● Collected material:
*** Begin section ***

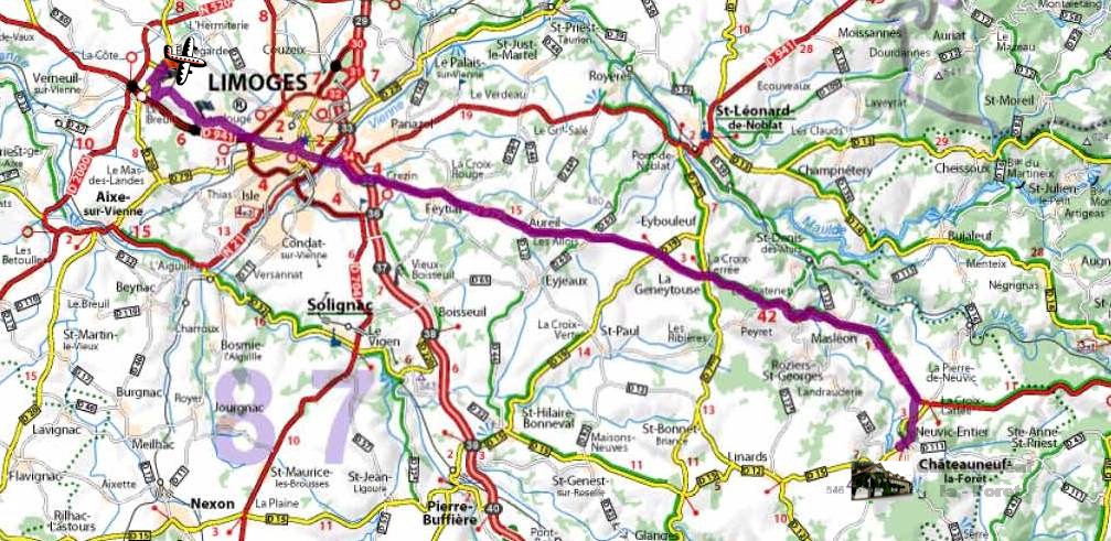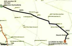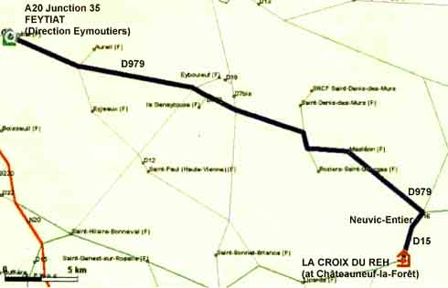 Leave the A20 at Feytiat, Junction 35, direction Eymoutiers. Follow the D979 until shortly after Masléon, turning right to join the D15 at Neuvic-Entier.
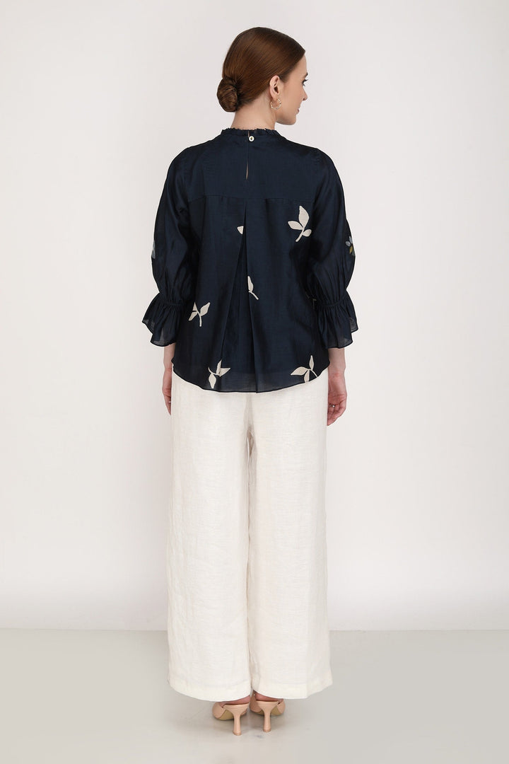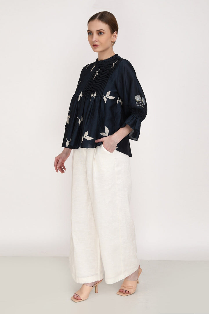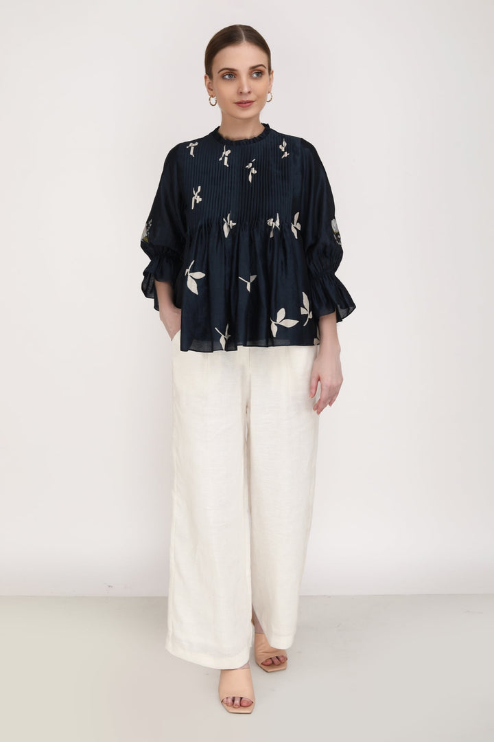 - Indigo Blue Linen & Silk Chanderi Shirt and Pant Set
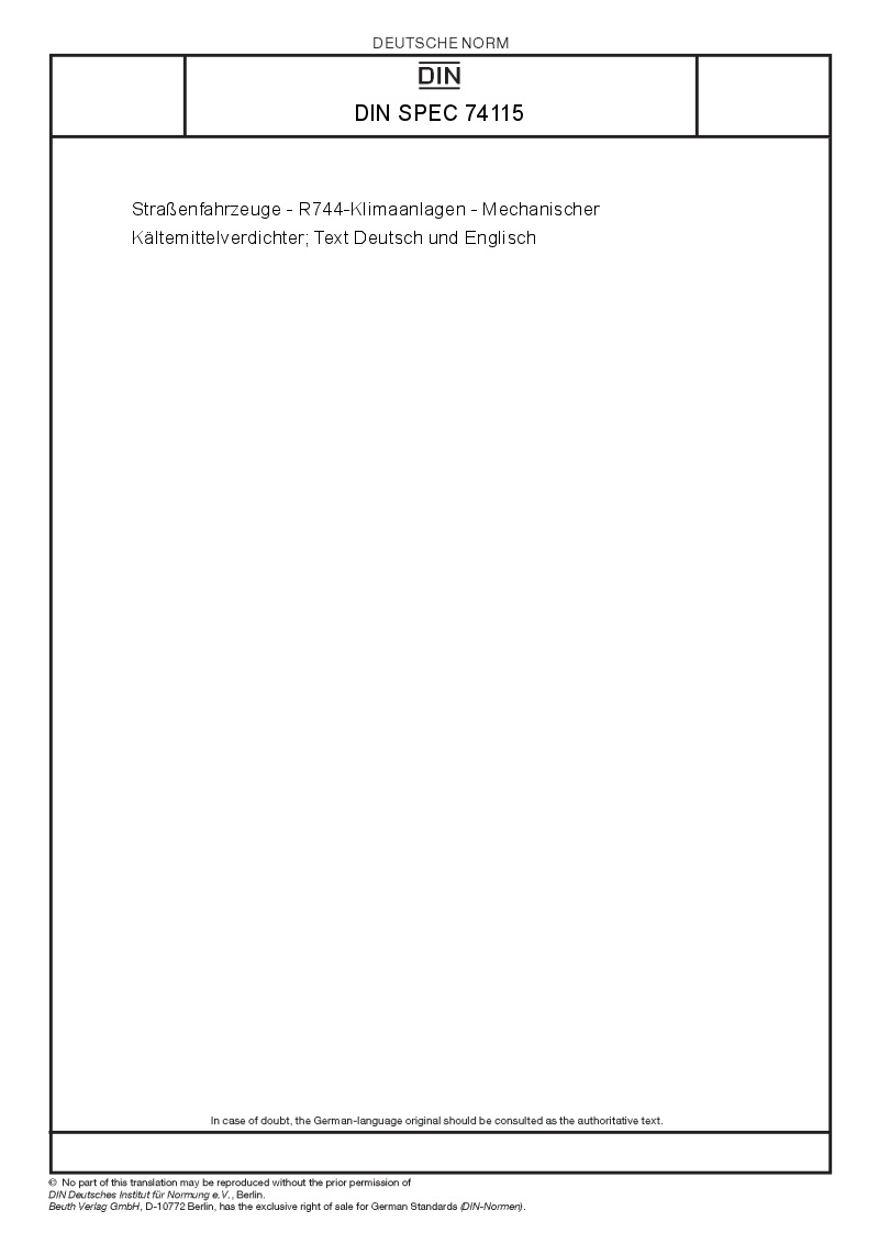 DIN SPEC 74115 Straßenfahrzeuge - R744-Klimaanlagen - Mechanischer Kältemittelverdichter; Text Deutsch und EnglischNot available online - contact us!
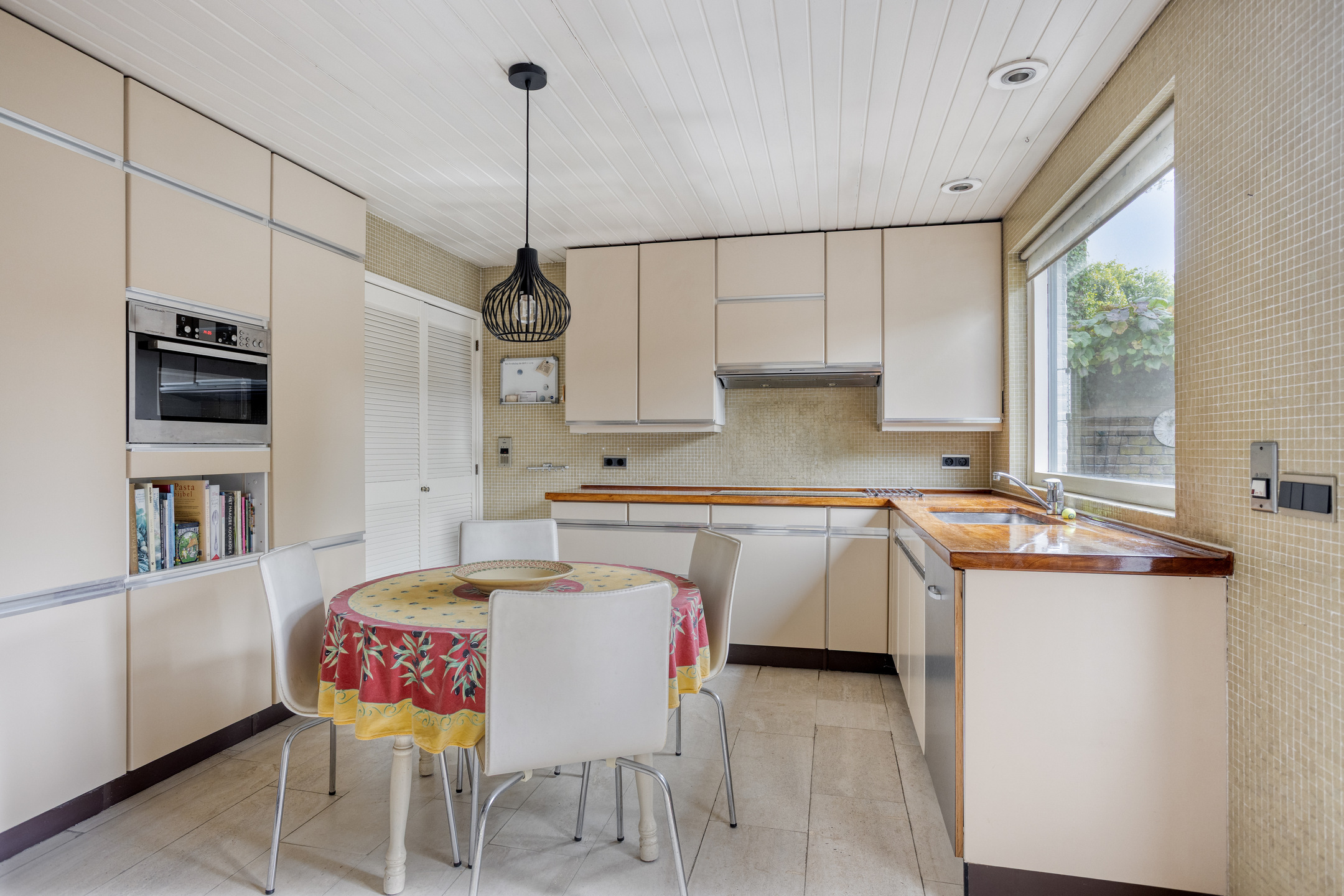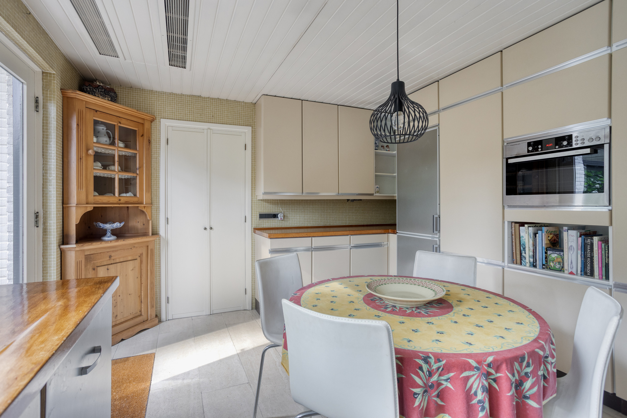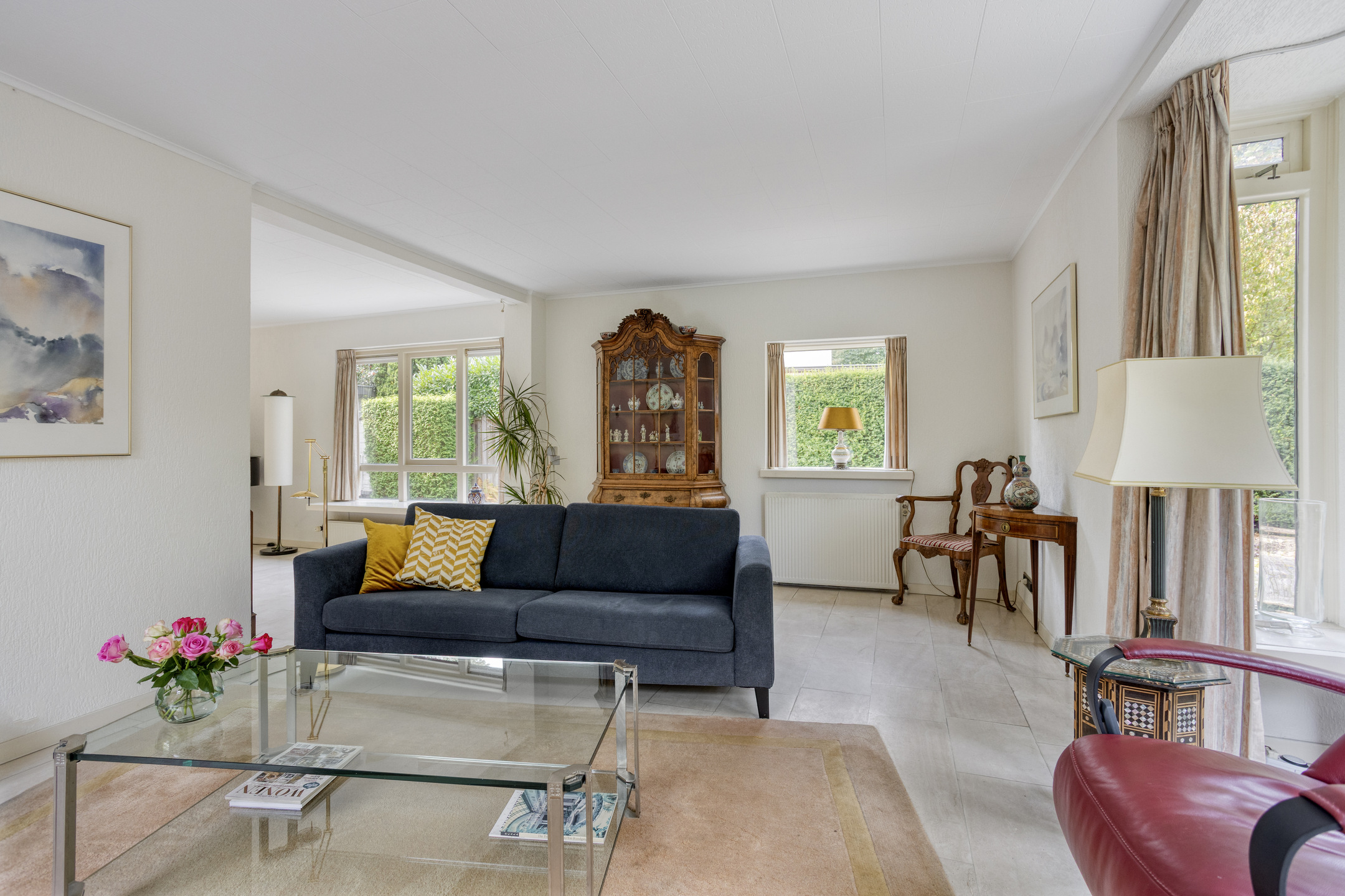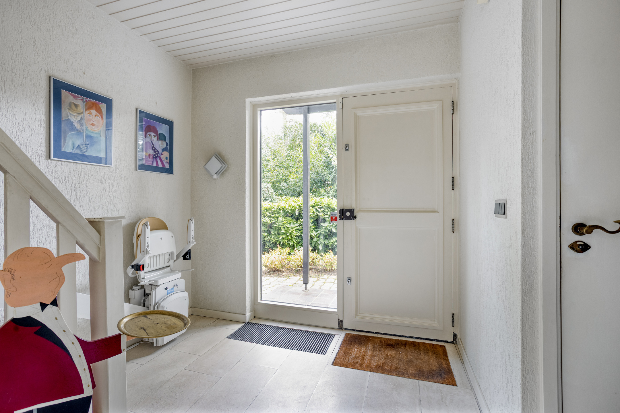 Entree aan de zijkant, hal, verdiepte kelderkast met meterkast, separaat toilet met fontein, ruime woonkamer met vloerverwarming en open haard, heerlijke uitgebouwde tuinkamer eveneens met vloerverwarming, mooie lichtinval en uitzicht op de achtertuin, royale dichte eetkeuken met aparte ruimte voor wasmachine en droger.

*** End section ***

● Aim of the task: Leave out the pictures and restate, word for word, the lines from the top of the data through the line containing "- Indigo Blue", both included.

● Completed exercise:
 Leave the A20 at Feytiat, Junction 35, direction Eymoutiers. Follow the D979 until shortly after Masléon, turning right to join the D15 at Neuvic-Entier.
 - Indigo Blue Linen & Silk Chanderi Shirt and Pant Set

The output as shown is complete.